> **Assigned task**:
Pictures excluded, return the lines below from the first through the line holding "Ce nouveau delosperma".

##### Excerpted records #####

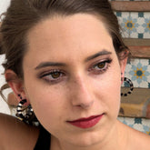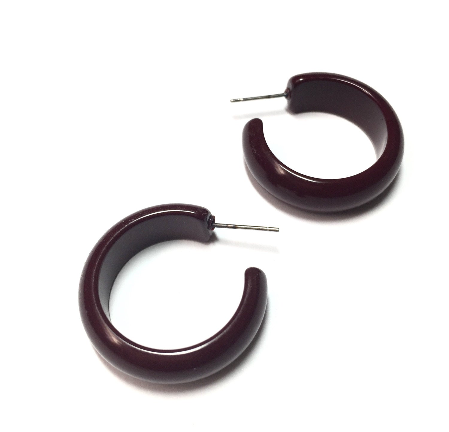 This design is called the Simple Hoop, and it comes in other color options as well. Each one is about 1.2" or 30mm in circumference and 9mm wide. Take a peek at how they look on the model to get an idea of the size and scale. These earrings are fashioned with vintage lucite components from Best Plastics, crafted in Rhode Island between the 1960s and early 80s. We carefully attach them to surgical steel earring posts with durable surgical steel and acrylic backings. They're lightweight and playful to wear.
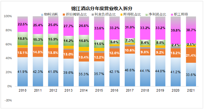 锦江酒店这些年折旧摊销一般都能占到营业收入的10%左右,员工薪酬则占到30%,首旅酒店的表现与锦江基本一致。
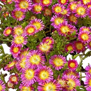 Ce nouveau delosperma produit de grandes fleurs, d'un rose chaud et vif, autour d'un bel oeil presque rouge et d'un coeur jaune. Cette petite vivace couvre-sol à feuilles succulentes qui fleurit de juin jusqu'à octobre est un excellent choix pour les sols secs et les expositions ensoleillées. On l'utilisera pour couvrir les murets, combler les rocailles, ou pour l'ornement des terrasses et suspensions. Semi-rustique, elle résiste jusqu'à -8°C en sol sec.
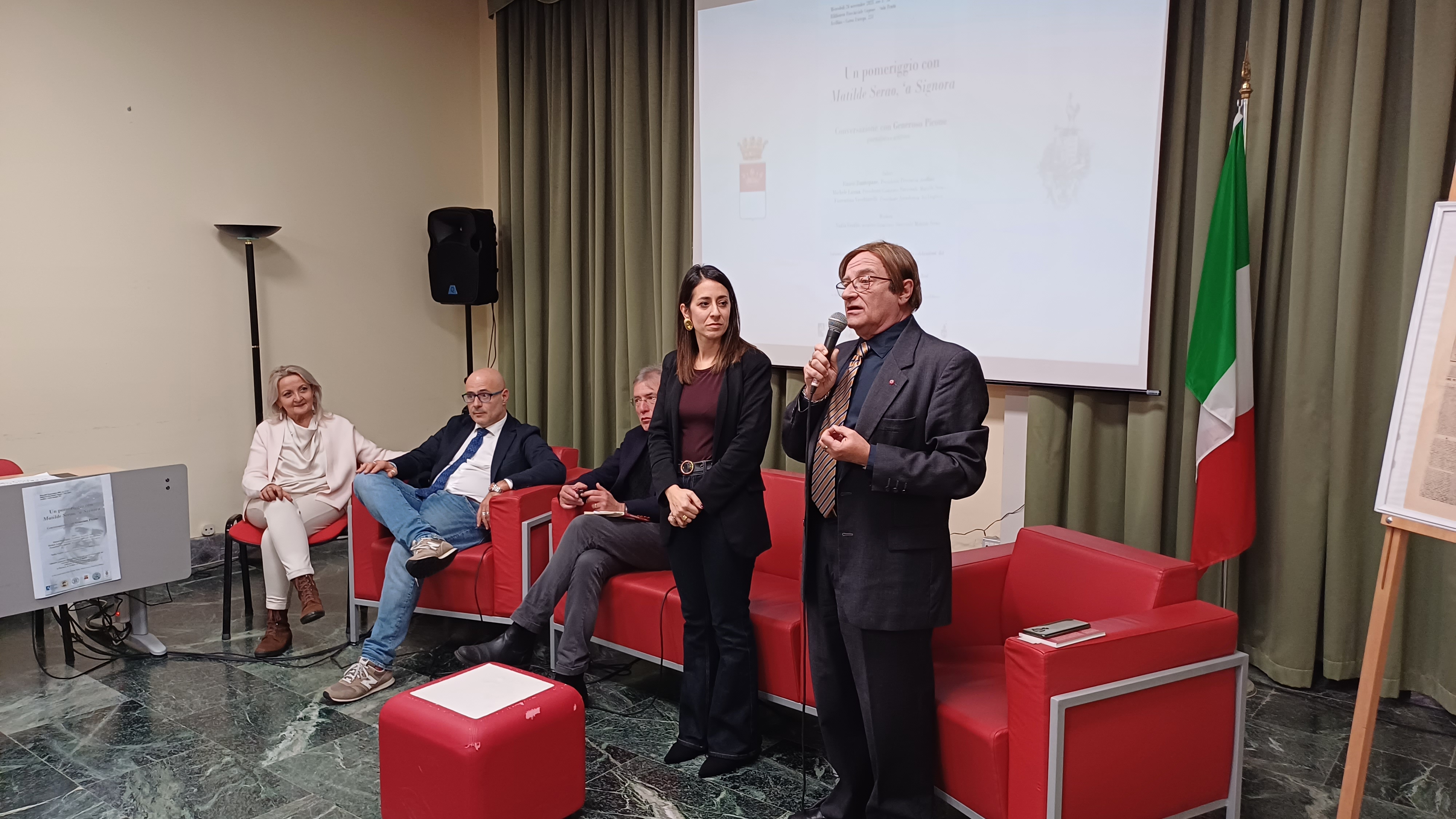 “Quella che ci consegna Matilde Serao è l’immagine di una città chiusa e buia, in cui il tempo sembra essersi fermato, che sfugge a una narrazione stereotipata, capace di entrare nelle viscere del reale”. E’ il giornalista Generoso Picone a raccontare la scrittrice e giornalista Matilde Serao, a partire dalla sua dimensione poliedrica. Un confronto promosso alla Biblioteca Provinciale dal Comitato Nazionale in occasione delle celebrazioni del centenario della morte promosso in collaborazione con la Provincia di Avellino e l’Accademia dei Dogliosi che si fa riflessione su passato, presente e futuro del capoluogo partenopeo, a partire dal volume dedicato da Nadia Verdile alla Serao. Una riflessione introdotta dagli interventi di Fiorentino Vecchiarelli dell’Accademia dei Dogliosi e da Emanuela Pericolo in rappresentanza della Provincia che sottolineano la capacità della Serao di precorrere i tempi. Picone sceglie di partire dalle contraddizioni della sua figura in cui convivono giornalismo e scrittura letteraria: “Prima direttrice di un giornale, è una narratrice che scrive sui giornali, capace di fare del giornalismo arma per penetrare la realtà. Racconta le condizioni delle fasce sociali meno abbienti ma il suo pubblico è rappresentato dalla borghesia. Afferma di voler scrivere ciò che vede ma poi un libro come ‘Il ventre di Napoli’ ha la sua genesi a Roma, lontano dal capoluogo partenopeo. E’ una moderata e monarchica, ma antifascista, non è una femminista ma dimostra grande attenzioni alle questioni delle donne. Non è un modello che può corrispondere alla donna di oggi ma certamente ha fatto cose che le donne del tempo non facevano. Se appare, a un primo sguardo, come una donna del focolare, madre e moglie, dimostra di essere l’esatto contrario con il suo essere giornalista e scrittrice”.
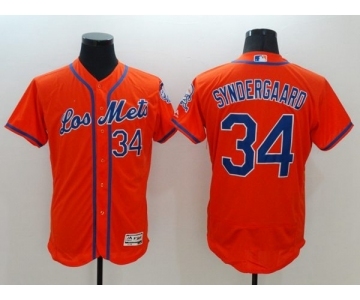 Men New York Mets #34 Noah Syndergaar Majestic Orange Flexbase Authentic Collection Player Jersey
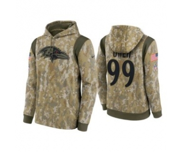 Men's Baltimore Ravens #99 Jayson Oweh Camo 2021 Salute To Service Therma Performance Pullover Hoodie
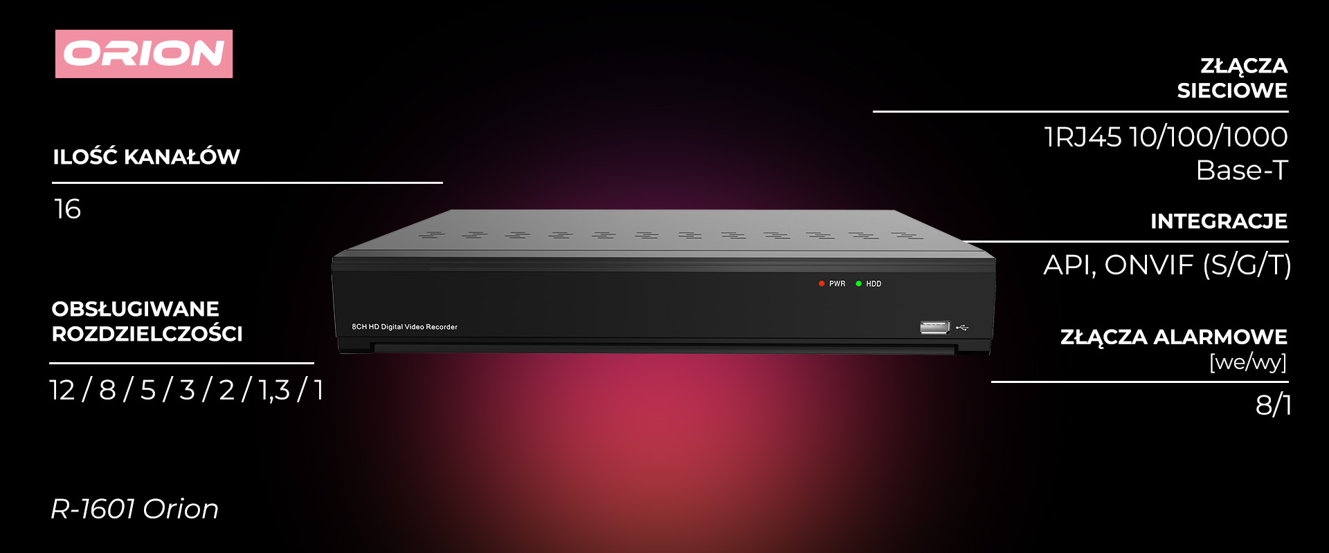 R-1601 Orion Rejestrator IP 16 Kanałowy do 12Mpx Detekcja Ruchu AI
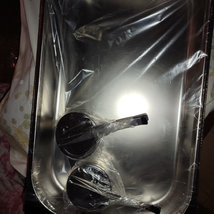 Profesionalni veliki grijač hrane, za luksuzno serviranje u restoranu ili kod kuće u posebnim prigodama, 2 komada, nova, zapremnine oko 9 litara, svaki sa 2 grijača i gelom za zagrijavanje, poklopac s predivnom ručkom, posuda s dvije ručke, stalak, podloga, znači ima 6 dijelova, prodajem u paru ili pojedinačno.
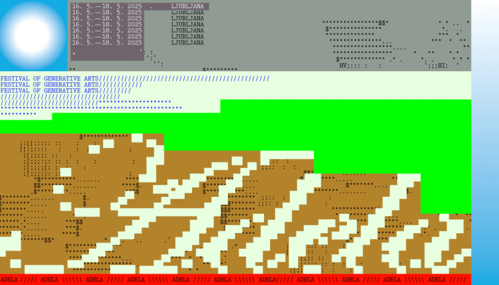 Tretja izdaja Adele, mednarodnega festivala generativnih umetnosti, se osredotoča na trajnostno računalniško ustvarjalnost, ki lahko kot generativna sila podpre snovanje alternativnih modelov mišljenja in interakcije med okoljem, tehnologijo in ljudmi.
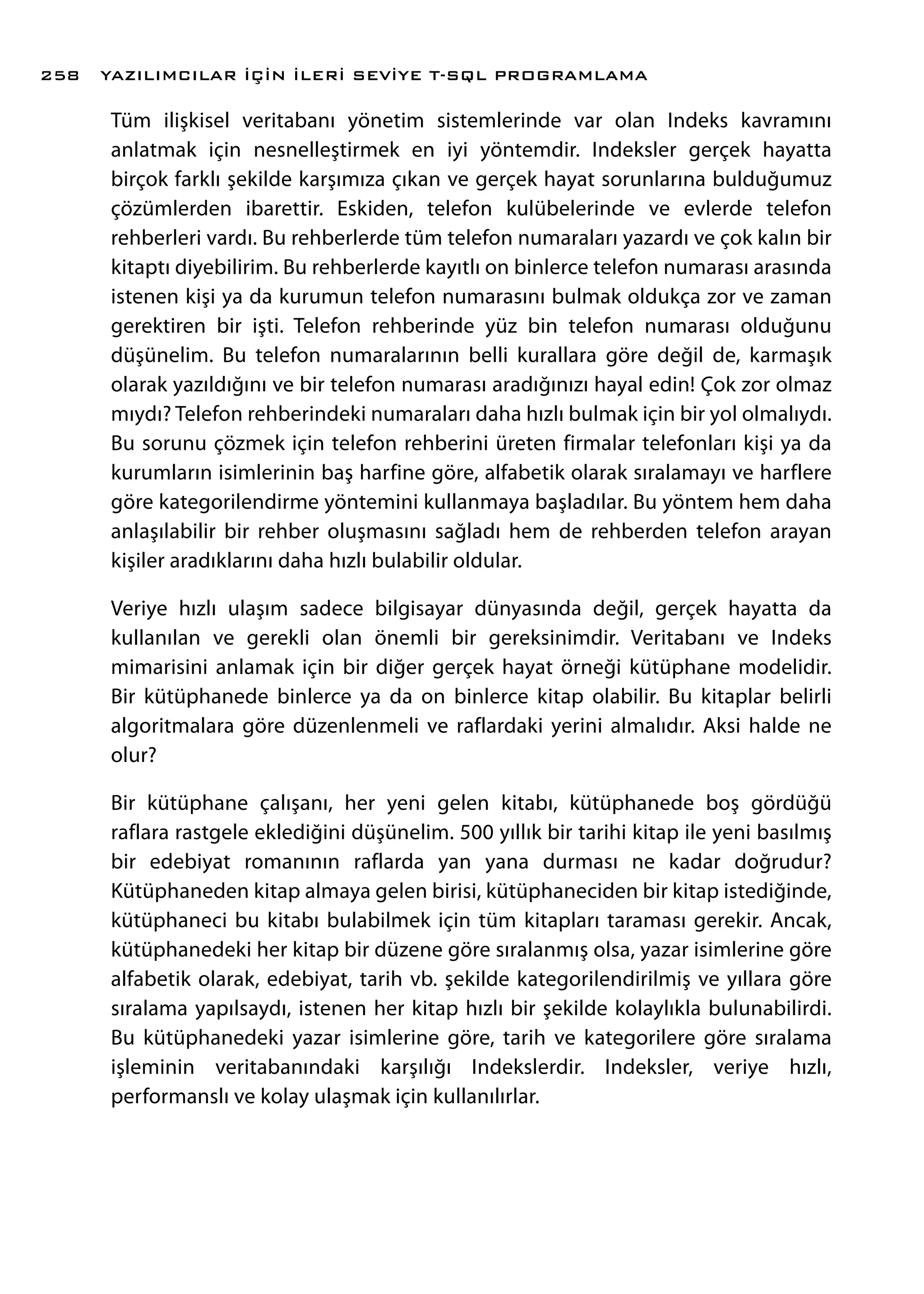 İndeks kavramı, veritabanı programlamaya yeni başlayanlar için anlaşılması

#####

> **Written reply**:
 This design is called the Simple Hoop, and it comes in other color options as well. Each one is about 1.2" or 30mm in circumference and 9mm wide. Take a peek at how they look on the model to get an idea of the size and scale. These earrings are fashioned with vintage lucite components from Best Plastics, crafted in Rhode Island between the 1960s and early 80s. We carefully attach them to surgical steel earring posts with durable surgical steel and acrylic backings. They're lightweight and playful to wear.
 锦江酒店这些年折旧摊销一般都能占到营业收入的10%左右,员工薪酬则占到30%,首旅酒店的表现与锦江基本一致。
 Ce nouveau delosperma produit de grandes fleurs, d'un rose chaud et vif, autour d'un bel oeil presque rouge et d'un coeur jaune. Cette petite vivace couvre-sol à feuilles succulentes qui fleurit de juin jusqu'à octobre est un excellent choix pour les sols secs et les expositions ensoleillées. On l'utilisera pour couvrir les murets, combler les rocailles, ou pour l'ornement des terrasses et suspensions. Semi-rustique, elle résiste jusqu'à -8°C en sol sec.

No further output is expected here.